Two journalists working at Charlie Hebdo, the satirical French newspaper whose staff was massacred in a January terror attack, are leaving its employment.
Artistic director Luz had said in May that he planned to end his career as a Charlie Hebdo cartoonist. In this week’s issue, he made known that next week would be his last.
Writer Patrick Pelloux said in an interview Saturday he was also leaving, “probably” in January.
Charlie Hebdo mocked religions, including Islam’s prophet Mohammed. Luz drew the cover cartoon — a weeping Mohammed, saying “All is forgiven” — in the issue following the Jan. 7 attack by Islamic extremists on the paper, which left 12 people dead. A second attack two days later on a Kosher grocery store in Paris killed five others. All three gunmen died in clashes with police.
“If I’ve decided to stop writing it’s because ... something has ended,” Pelloux told the student radio station Web7Radio. “You have to know how to turn the page one day.”

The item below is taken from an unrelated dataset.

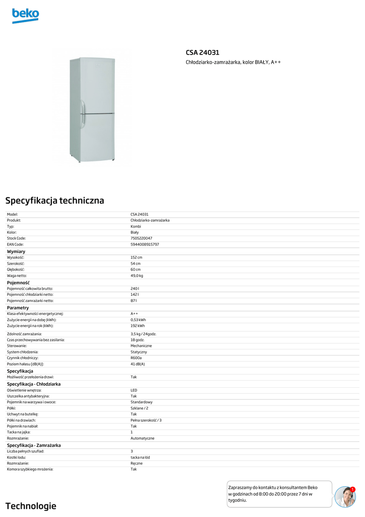 CSA 24031 Chłodziarko-zamrażarka, kolor BIAŁY, A++ Specyfikacja techniczna Model: CSA 24031 Produkt: Chłodziarko-zamrażarka Typ: Kombi Kolor: Biały Stock Code: 7505220047 EAN Code: 5944008915797 Wymiary Wysokość: 152 cm Szerokość: 54 cm Głębokość: 60 cm Waga netto: 49,0 kg Pojemność Pojemność całkowita brutto: 240 l Pojemność chłodziarki netto: 142 l Pojemność zamrażarki netto: 87 l Parametry Klasa efektywności energetycznej: A++ Zużycie energii na dobę (kWh): 0,53 kWh Zużycie energii na rok (kWh): 192 kWh Zdolność zamrażania: 3,5 kg / 24godz. Czas przechowywania bez zasilania: 18 godz. Sterowanie: Mechaniczne System chłodzenia: Statyczny Czynnik chłodniczy: R600a Poziom hałasu [dB(A)]: 41 dB(A) Specyfikacja Możliwość przełożenia drzwi: Tak Specyfikacja - Chłodziarka Oświetlenie wnętrza: LED Uszczelka antybakteryjna: Tak Pojemnik na warzywa i owoce: Standardowy Półki: Szklane / 2 Uchwyt na butelkę: Tak Półki na drzwiach: Pełna szerokość / 3 Pojemnik na nabiał: Tak Tacka na jajka: 1 Rozmrażanie: Automatyczne Specyfikacja - Zamrażarka Liczba pełnych szuflad: 3 Kostki lodu: tacka na lód Rozmrażanie: Ręczne Komora szybkiego mrożenia: Tak Technologie Zapraszamy do kontaktu z konsultantem Beko w godzinach od 8:00 do 20:00 przez 7 dni w tygodniu. 1 Szybkie Mrożenie Zapewnia szybkie zmrażanie nowo włożonego pożywienia, w sposób zdrowszy oraz nie wpływający na temperaturę wcześniej przechowywanego jedzenia. Przezroczyste Szuflady Zamrażalnika Przednia część szuflady zamrażalnika zrobiona jest z przeźroczystego materiału tak, że doskonale widać, jakie produkty znajdują się w środku szuflady bez konieczności wysuwania jej. Pojemnik na nabiał Pojemnik umieszczony na górze drzwi chłodziarki, dzięki przeźroczystym ściankom zapewnia idealne miejsce do przechowywania produktów mlecznych, chroniąc je przed wyschnięciem. Uchwyt na butelki Uchwyt na butelki zawieszony obok szklanych półek jest idealnym rozwiązaniem na wykorzystanie przestrzeni pomiędzy dwiema pólkami. Klasa energetyczna A++ Dzięki zastosowaniu najnowszej technologii produkty z klasą efektywności energetycznej A++ to gwarancja bardzo niskiego zużycia energii, a produkty w tej klasie nie tylko pomogą podreperować budżet rodzinny, ale również dbają o środowisko naturalne. Oświetlenie LED Oświetlenie LED jest bardziej energooszczędne i daje bardziej naturalne światło w porównaniu do zwykłego oświetlenia. To kolejny krok do przodu w celu bardziej ekologicznych działań. Uszczelka antybakteryjna - chłodzenie Uszczelki w drzwiach zwykle trudno utrzymać w czystości, co czyni z nich doskonałe środowisko dla rozwoju bakterii. Dzięki dodatkowi substancji antybakteryjnych, uszczelki nie tylko same pozostają wolne od drobnoustrojów, ale tworzą antybakteryjną barierę chroniącą wnętrze chłodziarki przed niepożądanymi mikroorganizmami.

He said those who escaped the massacre are not real survivors because “a part of us ended with these attacks.”
The paper ignited another uproar recently with a cartoon depicting 3-year-old Syrian migrant Aylan Kurdi, whose body washed up on a Turkish beach, and a sign “So near the goal” — with McDonald’s arches and the Ronald McDonald clown.

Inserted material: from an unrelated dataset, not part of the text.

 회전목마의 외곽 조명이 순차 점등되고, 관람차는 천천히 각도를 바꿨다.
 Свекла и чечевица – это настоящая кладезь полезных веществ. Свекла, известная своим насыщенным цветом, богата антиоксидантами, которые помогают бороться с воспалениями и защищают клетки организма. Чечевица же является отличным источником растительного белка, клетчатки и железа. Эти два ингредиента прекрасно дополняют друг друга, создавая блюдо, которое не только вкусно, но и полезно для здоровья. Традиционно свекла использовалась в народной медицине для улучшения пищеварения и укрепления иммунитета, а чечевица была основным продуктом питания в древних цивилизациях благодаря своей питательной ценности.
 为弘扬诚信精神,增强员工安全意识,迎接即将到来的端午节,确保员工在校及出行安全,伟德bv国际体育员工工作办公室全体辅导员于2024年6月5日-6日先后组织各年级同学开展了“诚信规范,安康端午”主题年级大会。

Luz responded to the uproar in the paper’s latest edition, saying the cartoon by Riss aimed to mock “our liberal and hypocritical society,” which needed a photo of a dead boy to become aware of the migrants’ plight.
Sales of the irreverent paper rose dramatically after the January attack. But staff member Zineb el-Rhazoui told the iTele TV channel Saturday the latest departures are a sign of a “malaise” at Charlie Hebdo.